<<<<
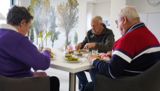 Nach Bastelspielen oder Gymnastik am Vormittag gibt es pünktlich um 12 Uhr Mittagessen. Hier wird auch sehr auf die Wünsche der Tagesgäste Rücksicht genommen.
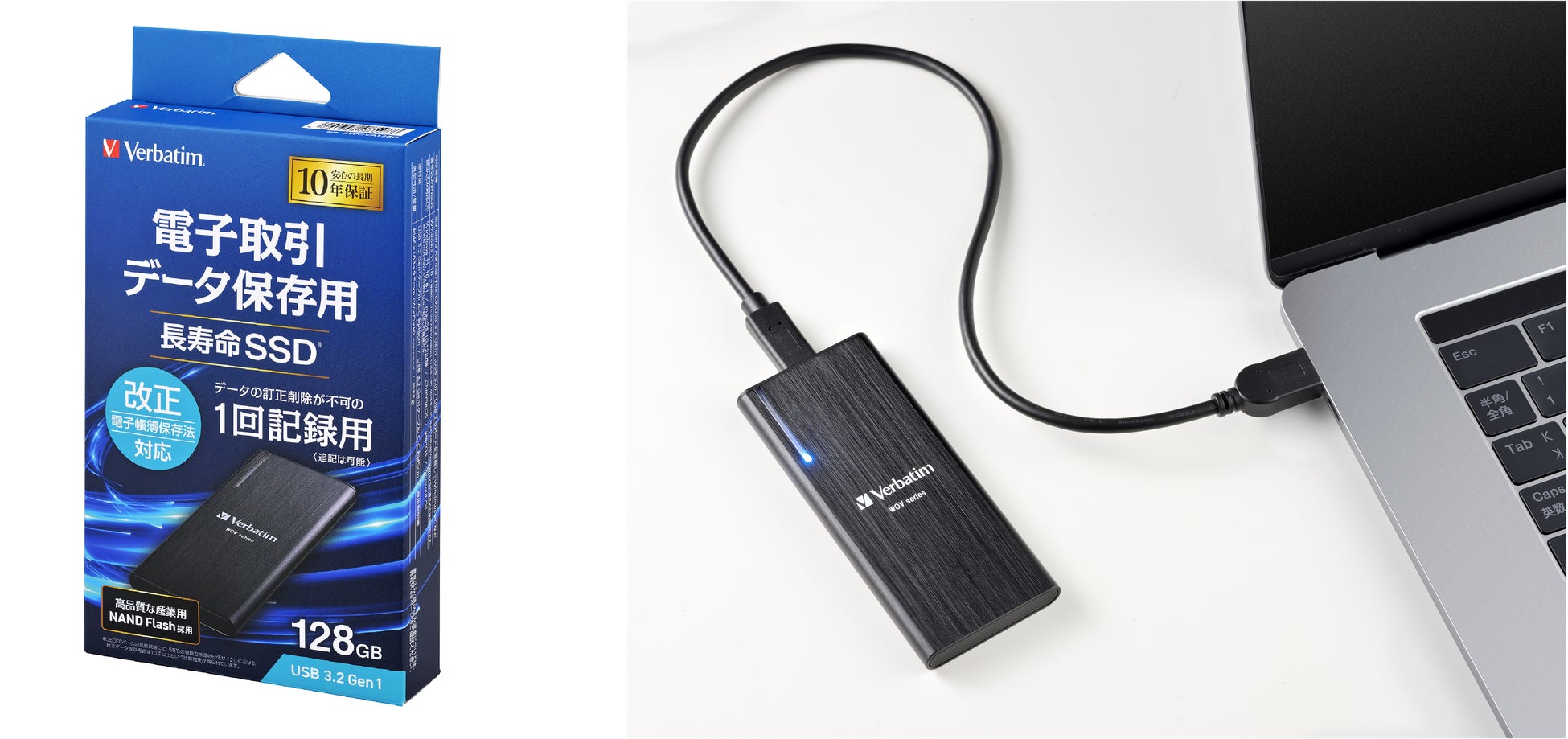 Verbatim Japanは、電子取引データなど訂正削除が不可のデータを長期間保存するのに適した128GBの容量をもつ「長寿命SSD(1回記録用)」を発売します。
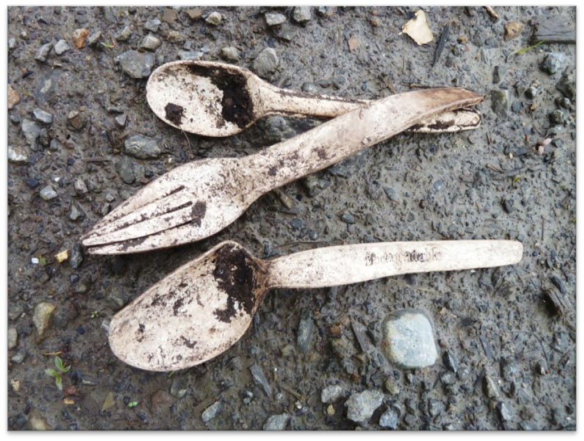 Oxo-degradable cutlery found in a composting facility
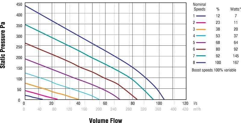 • Extremely low Specific Fan Power; down to 0.54 W/l/s
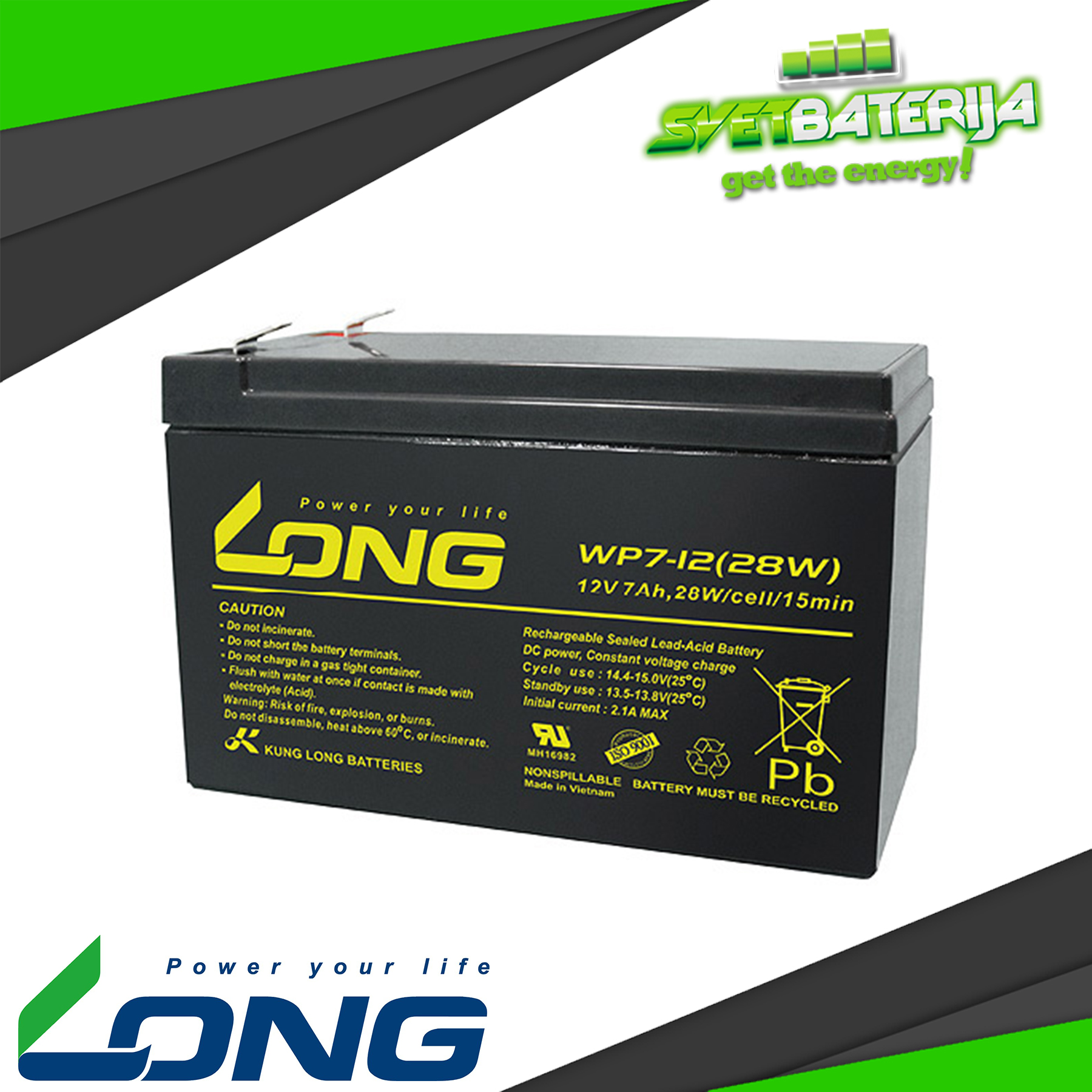 Kompanija Kung Long Batteries se bavi proizvodnjom i prodajom olovnih baterija poreklom iz Tajvana. Njihovi proizvodi obuhvataju AGM i Gel baterije, kao i druge tipove duboko cikličnih baterija. Long baterija 12V 7Ah pod oznakom WP7-12(28W) je specijalna baterija dimenzija 151x65x94 (102 totalna visina) mm, koja za razliku od drugih baterija ovog napona i kapaciteta može da obezbedi veće struje pražnjenja. Idealna za primenu u UPS uređajima. Ova baterija obezbeđuje i dug životni vek u uređajima kao što su alarmne centrale, čobanice (pastirice), dečije igračke, prskalice, kosačice, lampe i druge uređaje gde se traži suva baterija sličnih dimenzija ili karakteristika.
>>>>
● **What is expected**:
Pictures don't belong in the copy. Restate all the entries exactly.

● **Solution to this problem**:
 Nach Bastelspielen oder Gymnastik am Vormittag gibt es pünktlich um 12 Uhr Mittagessen. Hier wird auch sehr auf die Wünsche der Tagesgäste Rücksicht genommen.
 Verbatim Japanは、電子取引データなど訂正削除が不可のデータを長期間保存するのに適した128GBの容量をもつ「長寿命SSD(1回記録用)」を発売します。
 Oxo-degradable cutlery found in a composting facility
 • Extremely low Specific Fan Power; down to 0.54 W/l/s
 Kompanija Kung Long Batteries se bavi proizvodnjom i prodajom olovnih baterija poreklom iz Tajvana. Njihovi proizvodi obuhvataju AGM i Gel baterije, kao i druge tipove duboko cikličnih baterija. Long baterija 12V 7Ah pod oznakom WP7-12(28W) je specijalna baterija dimenzija 151x65x94 (102 totalna visina) mm, koja za razliku od drugih baterija ovog napona i kapaciteta može da obezbedi veće struje pražnjenja. Idealna za primenu u UPS uređajima. Ova baterija obezbeđuje i dug životni vek u uređajima kao što su alarmne centrale, čobanice (pastirice), dečije igračke, prskalice, kosačice, lampe i druge uređaje gde se traži suva baterija sličnih dimenzija ili karakteristika.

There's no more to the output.